The original Oasis took months to produce whereas Return to Oasis has taken years. But then, so much was possible in a non-commercial world where we were kept and fed, and even paid a little, whilst we wrote and produced books in between military duties.
Services mail brought the poems to the editors. Not only was it free, but it was efficient, even if it caused grumbles from the post corporal as he flung mail into my tent, dug into the sand, from the other side of the slit trench. I read copy by the light of a Tilley lamp hissing with menace. When we needed help we could always detail a volunteer.
By the end three thousand poems were whittled down to less than two hundred, and the final choice to one hundred and twenty-one was made by Denis Saunders (Almendro), who remained in Cairo, and colleagues of the Salamander Society (military and civilian writers and poets) who finally published them.
We all took a lofty attitude to the poetry. We had little space and could afford to. I recall even rejecting John Pudney's contributions as not up to his standard. We reprinted some of his previously published poems in Return to Oasis.
Miraculously, when Oasis was finally printed it contained few literals. Miraculously because the Syrian printer knew no English and John Braun went backwards and forwards by cab, collecting and correcting wet proofs.
My Oasis story must conclude on a personal note. If I had been writing for a circulation tabloid I would have led with it. Quite simply, Oasis saved my life.

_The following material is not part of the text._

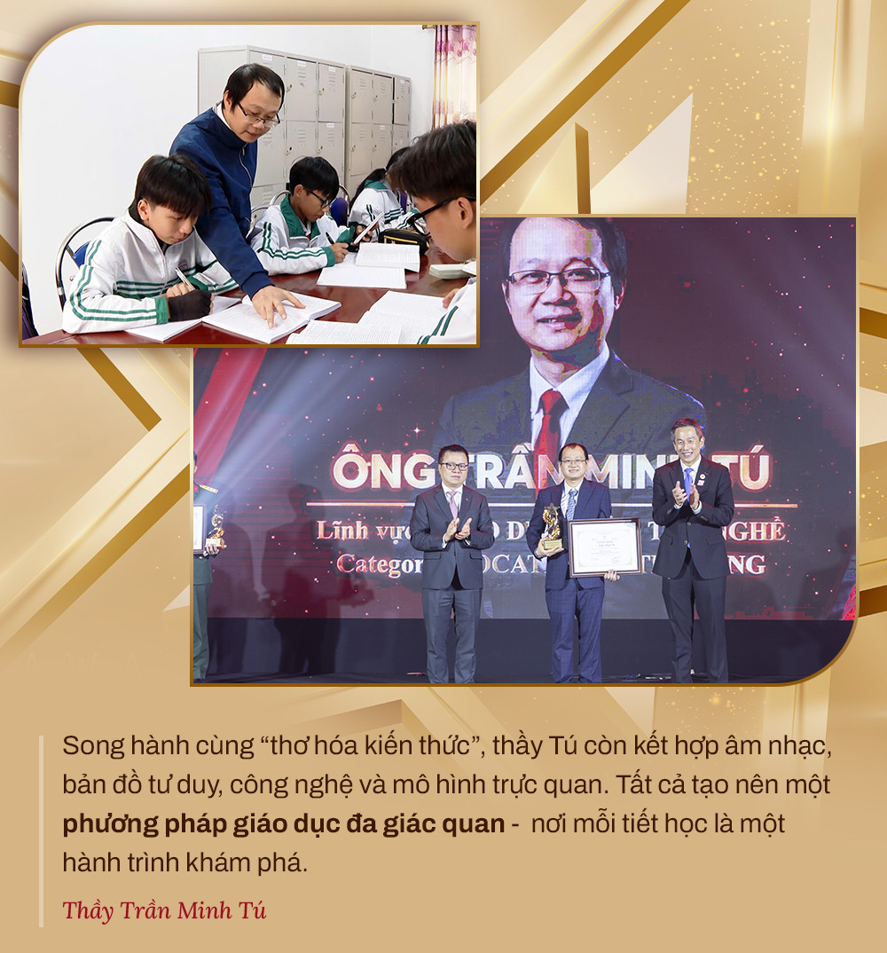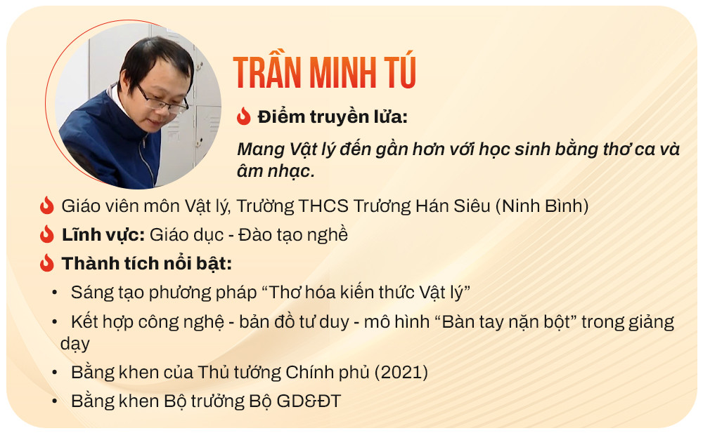 Vượt qua khuyết tật bẩm sinh ở cánh tay trái, thầy Trần Minh Tú, giáo viên Vật lý Trường THCS Trương Hán Siêu (Ninh Bình), đã chứng minh rằng giới hạn là để vượt qua. Thầy lựa chọn cách tiếp cận đầy sáng tạo: Biến kiến thức Vật lý thành thơ, giúp học sinh ghi nhớ nhanh, hiểu sâu và yêu thích môn học hơn.

A month after Oasis was published, the Medical Officer of a camp outside Cairo where I had been posted came to see me. I do not know his name, but maybe he will read this. He wrote poetry and wanted me to read some of it to include in a possible Oasis reprint. He wasn't to know it was to be nearly forty years before we could.

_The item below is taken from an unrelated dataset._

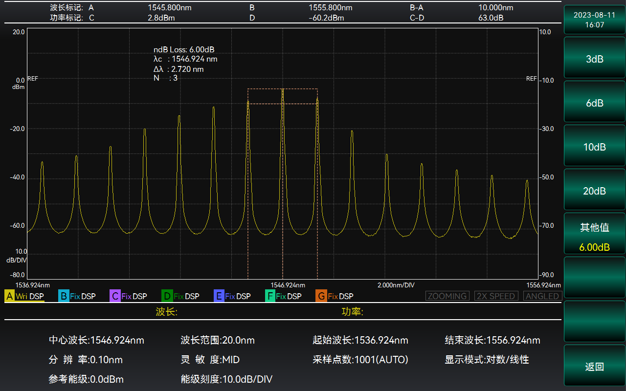 ndB損(sǔn)耗法(fǎ)測試中心(xīn)波長和光譜帶寬

After reading his poems I asked him to look at my throat. It had been sore for a week and each evening in the sergeant's mess (I had gone up a step) I eased it with a paint stripper called 'Cyprus Brandy'. It anaesthetized a layer or two but the throat stayed sore. He took one look and declared: "Hospital you!"
"But they'll keep me there," (I said) "That" he replied, "is the general idea." An hour later, my throat was swabbed. I was put into strict isolation, injected with a 'horse' syringe in the base of the spine, and forbidden to raise even my head. I had diphtheria from which two of the hospital staff had died a week earlier.
By their calculations I had thirty-six hours to go. That morning I had been knocking in tent pegs and kicking over a brute of a BSA 500 motor bike. The evening before I had held a two hour news talk in a crowded marquee and revealed that an Arabic language newspaper in Cairo (officially censored) had carried the story of 'spontaneous' riots in Beirut twenty-four hours before they happened!
Now I had to lie still and keep quiet. I lived on. When I left hospital they posted me to Italy.